“Cada deporte tiene
sus propias emociones, pero para un reportero gráfico siempre es la misma sin
importar si hay pelota o pataleada”. Así
describe el fotógrafo brasileño Joao Meccecacco a la profesión de reportero
gráfico.
Esa misma emoción la sentí la noche de Phelps, “The Phelps’s Nigth”, en el
Estadio Acuático, del Parque Olímpico de Rio de Janeiro, en donde el
estadounidense obtuvo dos de las 6 medallas (5 oro y 1 plata) que ganó en los
Juegos Olímpicos de 2016.
Me especializo en futbol, pero ese día fue la primera vez
que di cobertura a una final de natación en donde no había nada de diferente en
lo que respecta a la explosividad y emotividad del público solo que en lugar de grama era agua, simplemente puedo
decir que si el mejor del mundo en futbol es Messi o Cristian (por aquello de los colores), en la piscina es Phelps.

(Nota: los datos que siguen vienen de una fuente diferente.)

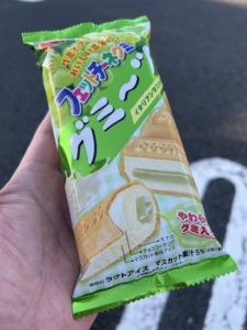 アイスもグミも大好きな私。 モナカアイスの中にグミが入っているということで、味や食感がずっと気になってました。 ここで気になるのは、グミならアイスの中で硬くなってしまうのではないかということ。 ところがこのグミ、冷凍して

“The best of de bests” envolvió el
escenario cuando el tiburón Baltimore salió a la piscina para competir, y luego de un minuto y 36 segundos se escucha el
estruendo al saber que había logrado su medalla 20 en estas justas.
A pesar de que Brasil se caracteriza por sus zamba y
ambiente playero, los eventos han carecido de ello, las batucadas sólo fueron
escuchas en el estadio Maracaná, el día de la inauguración.
Al final de la noche la única conclusión que me deja esta
cobertura es que aunque tengas la mejor técnica y equipo fotográfico, todo se
vuelve insignificante para conseguir la foto que deseas, si te impregnas de la
vibra y pasión que de los miles de aficionados y del corazón del atleta al
darlo todo para alcanzar la excelencia.